In fact, you want more than to constantly combat and suppress your anxiety. You want more than constant vigilance about your anxiety. Not only does it not work – it’s overwhelming and frustrating. What you really want is security. Here’s what that looks like:
Secure People Identify Their Pain
Secure people are adept at recognizing when something isn’t right. They don’t see pain as an enemy but as information. They notice the signs of anxiety not as failures but as prompts to dive deeper into what might be causing distress.

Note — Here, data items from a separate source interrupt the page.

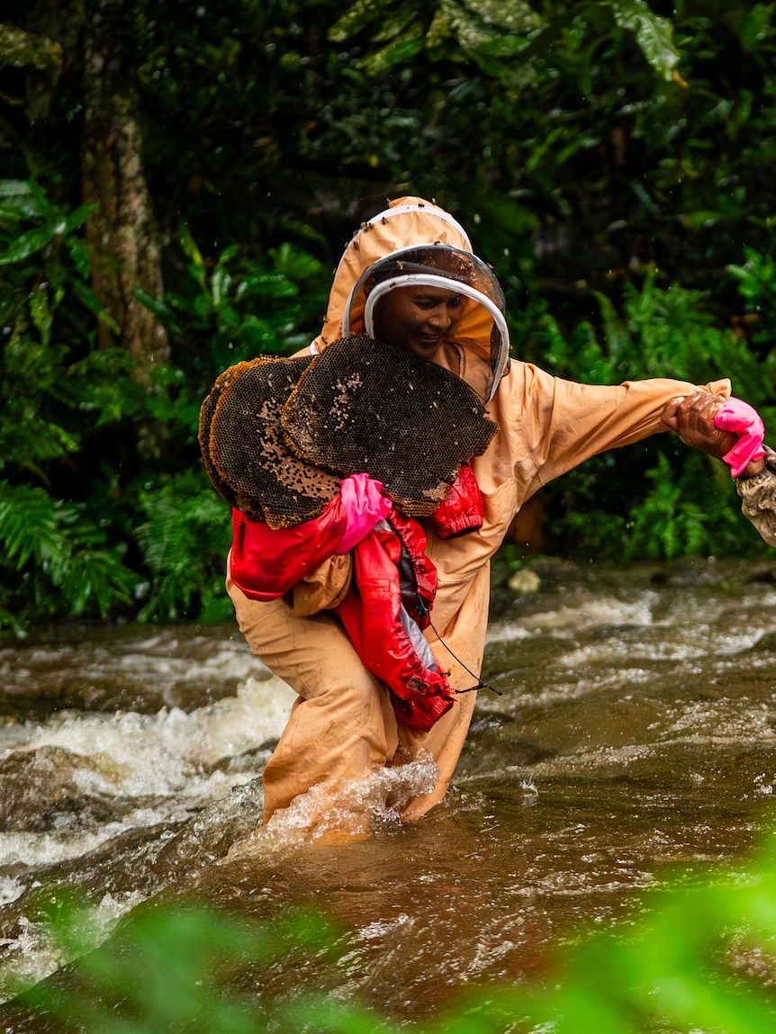 The former vegetable grower has gone to extraordinary lengths to build up her business, crossing raging rivers and scaling extreme heights to secure wild hives.
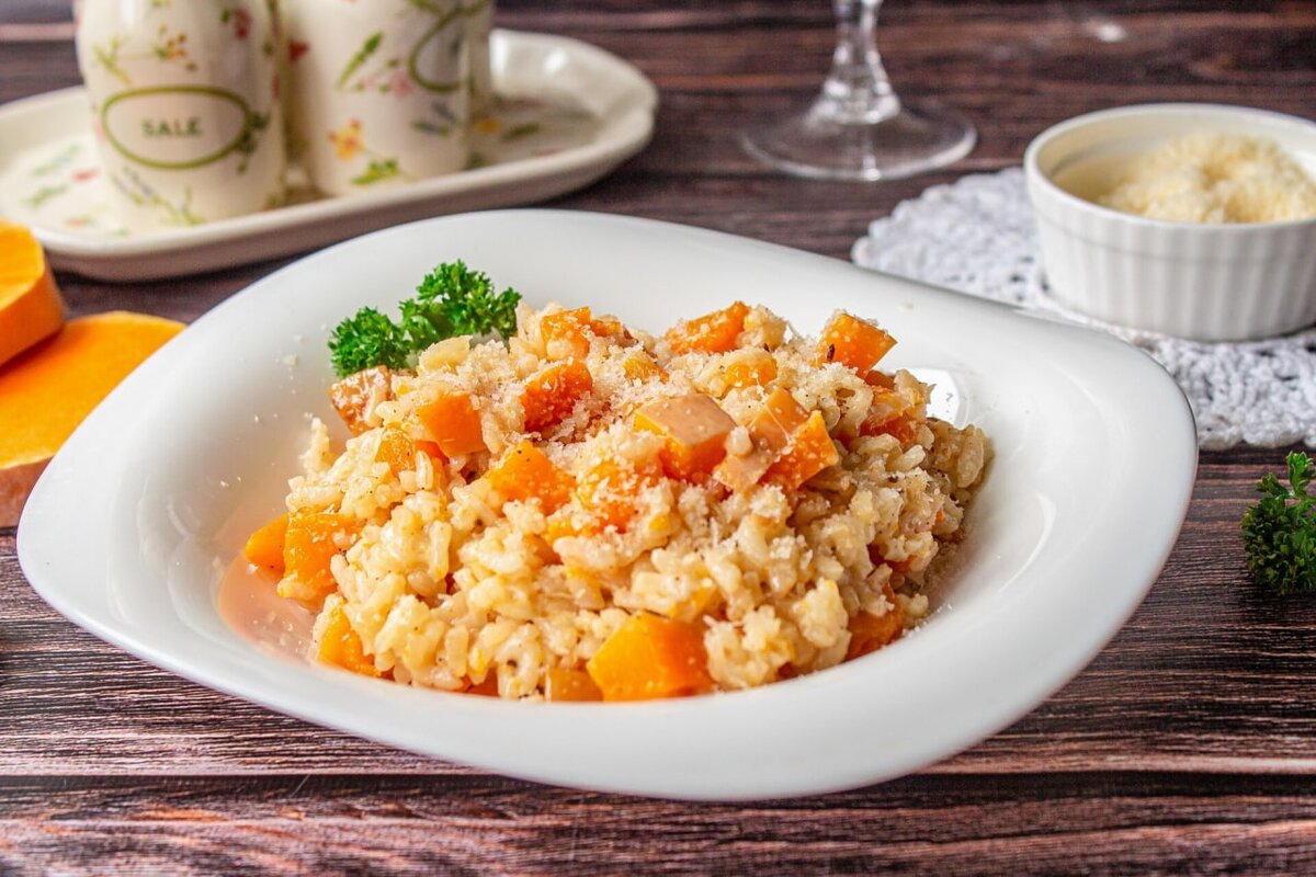 Тыквенно-сырное ризотто ИНГРЕДИЕНТЫ 800 мл овощного бульона 300 г мякоти тыквы 170 г риса арборио 150 г плавленого сыра Дружба «Карат» 1 репчатая луковица 80 мл белого вина 2 ст.л. растительного масла 1 веточка розмарина соль молотый черный перец Мякоть тыквы нарежьте кубиками и выложите в сотейник. Добавьте бульон и оставьте варится 10 мин. Пробейте блендером. Лук мелко нарежьте. Разогрейте сковороду с растительным маслом. Выложите лук и жарьте 2-3 мин до появления аромата. Добавьте рис и готовьте 5 мин. В сковороду добавьте вино и готовьте на сильном огне, пока большая часть жидкости не выпарится. Порциями добавляйте к рису бульон, и готовьте, помешивая, пока жидкость полностью не выпарится. Снимите с огня и добавьте в ризотто сыр, приправьте солью и перцем по вкусу, перемешайте. Подавайте, украсив свежим розмарином, обжаренными кусочками тыквы и перцем.
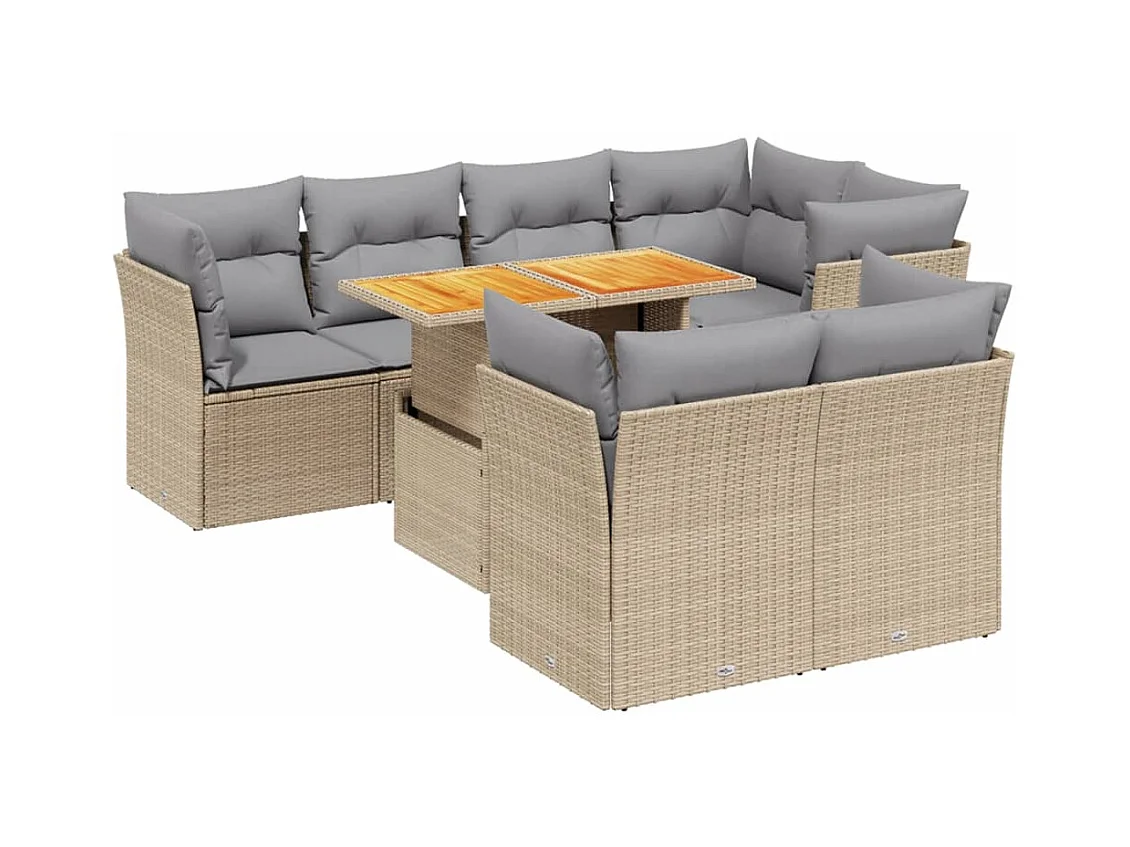 8 peças conjunto de sofás para jardim com almofadões vime PE bege
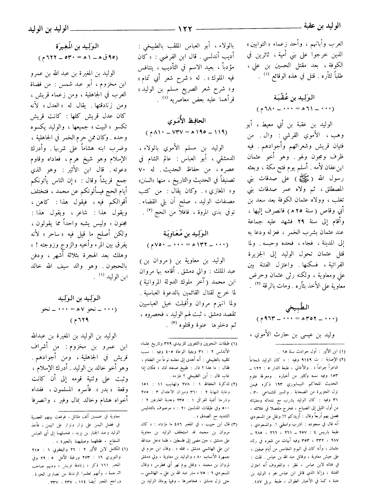 (3) قال ابن حبيب، في المحبر 486 ما مؤداه: " كان مروان بن محمد قد استخلف الوليد بن معاوية على دمشق، حين مضى إلى فلسطين، فلما دخل عبد الله بن علي الهاشمي دمشق، قتله ".

Secure People Soothe Themselves
Instead of suppressing their feelings, secure individuals learn self-soothing techniques. This process is something natural to our nervous system. Secure people develop a calming internal presence that reassures them of their value and their safety.
Secure People Ask for Help
Understanding that no one can manage everything alone, secure people reach out for support when needed. This could mean talking to friends, consulting with therapists, or joining support groups where they can share and learn from others’ experiences. On a more immediate level, they express what they feel and get support then needed.
Secure People Create a Plan
Once they understand their anxiety, secure individuals take proactive steps. They don’t just name their feelings and move on. Instead, they listen to their anxiety as feedback about things that might need to change, they set expectations in relationships and work, they plan breaks and self-care activities, and they confront conflicts directly to get resolution. All in all, they listen to their feelings to help them discern a plan for enhancing overall life satisfaction.
Secure People Help Others
Finally, secure people often extend their understanding and skills to help others. By sharing what they’ve learned, they contribute to a community of support, teaching others how to navigate their own anxieties. This not only helps others but reinforces their own sense of security and belonging.
Anxiety will lead you toward health
Instead of treating anxiety like it’s some intruder to be expelled, and suppressing it with deep breathing, let’s consider it more like that annoying alarm clock that never seems to let you snooze. It’s irritating, yes, but it’s also trying to wake you up to something important. It’s time we stop fighting the signal and start listening to what it’s got to say.
So, when anxiety next comes knocking, don’t immediately reach for the bolt. Maybe sit with it for a bit, hear it out. You might just discover that what you thought was an enemy is actually your mind’s way of telling you where you need to look next for healing.